A Delaware judge has issued a no-contact order against Kurt Busch, mandating the NASCAR driver to stay away from his ex-girlfriend, Patricia Driscoll.

By SI Wire
February 16, 2015

A Delaware judge has issued a no-contact order against Kurt Busch mandating the NASCAR driver to stay away from his ex-girlfriend, Patricia Driscoll.

The order, reported by the Associated Press, follows four days of hearings in December and January in which Driscoll accused Busch of slamming her head into a bedroom wall in September. Busch testified that Driscoll is a trained assassin. Busch and his legal team have denied Driscoll's allegations, and Driscoll has denied being an assassin.

Busch's attorney, Rusty Hardin, said in a statement on Monday that he was "deeply disappointed" by the order, which he intends to appeal.

''It is important to note that the Commissioner's ruling is a civil family court matter and totally unconnected to any criminal investigation or finding," Hardin said in the statement. "Regardless of the Commissioner's finding, we know that Kurt never committed an act of family violence."

Truth lurks in bizarre fog of Busch's domestic violence hearings

Driscoll has also filed a criminal complaint with Dover police that is separate from the no-contact order.

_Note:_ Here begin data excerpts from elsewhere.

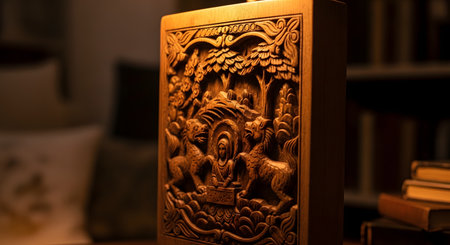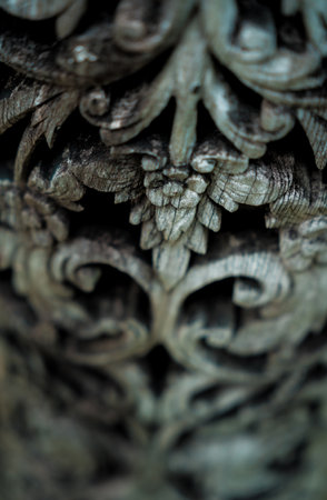 Macro Photography of Intricately Carved Wood. AI Generated.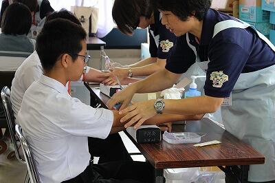貧血検査は、注射の針が刺さる瞬間、思わず目をそむける生徒も‥。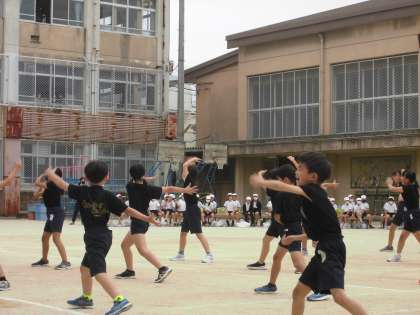 4年生のロックソーランでは、4年生が最初から最後まで学習の成果を発揮して踊ることができました。「どっこいしょ、どっこいしょ」の元気な声が運動場によく響いていました。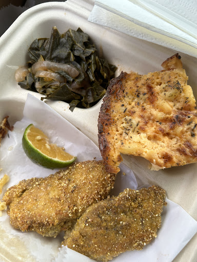 Wish I could eat here every day because their "Soul Food" is literally food for my soul. Do you want to feed your soul? Seriously! Do you want to feed your soul through your taste buds and belly? I returned here for the heavenly mung bean soup, but I couldn't resist the fish fry with collard greens today for lunch. Scrumptious collard greens that pack all the nutrition your heart and soul will ever need! The greens are perfectly balanced with savory broth and sweet pickled onions. It came with a side of macaroni and cheese baked so perfectly the noodles dance on your teeth with the "al-dente-rhumba" (I just made up that food-dance!) And the cheese is so melty and buttery you'll want to jam more spoonfuls of their mac & cheese into your mouth before you've even chewed and swallowed the first bite! Please PLEASE go eat here. I can't eat it all myself, I'm so full I'll probably won't have to eat again for a week, but I want this restaurant to stay in business so I can come back here when I'm hungry again. I didn't even tell you about the side orders: Aïoli which I used for the fried fish Lemon vinaigrette which I drank as a beverage! I literally drank the vinaigrette dressing because it's so freaking delicious. Cornbread yum! Homestyle ambience,...

The Delaware attorney general's office has yet to decide whether to prosecute Busch.

The year-long order says Busch must remain away from Driscoll and not communicate with her. He also cannot buy or possess firearms or ammunition, and will face an evaluation for "mental health problems related to anger control and impulse control." Busch must stay 100 yards away from Driscoll, except "at NASCAR races and related events where closer proximity is required."

Driscoll requested the no-contact order in November after she alleged Busch slammed her head three times into a bedroom wall of his motorhome at Dover International Speedway on Sept. 26. Driscoll testified that a series of text messages from Busch led her to believe he might be depressed, prompting her to drive to Dover to visit him from her home in Maryland.

Happily-ever-after ending unlikely in Busch's domestic violence case

In his denial of Driscoll's allegations, Busch said he repeatedly told Driscoll to leave the motorhome after she showed up unannounced a week after he broke off their relationship. Busch said he then cupped Driscoll's cheeks with her hand and told her that she needed to leave.

Busch, 36, also testified that Driscoll previously told him she was a "mercenary who killed people for a living." Busch also said Driscoll had shown him pictures of bodies with gunshot wounds. 

Driscoll discredited Busch's allegation as "ludicrous," saying he took the notion of her being an assassin "straight from a fictional movie script" she had been working on for eight years.

Driscoll, 37, is president of the Armed Forces Foundation, a non-profit supporting active duty military members and veterans from all branches of the U.S. Armed Forces. She has also worked for Frontline Defense Systems, a surveillance system company based in Washington D.C.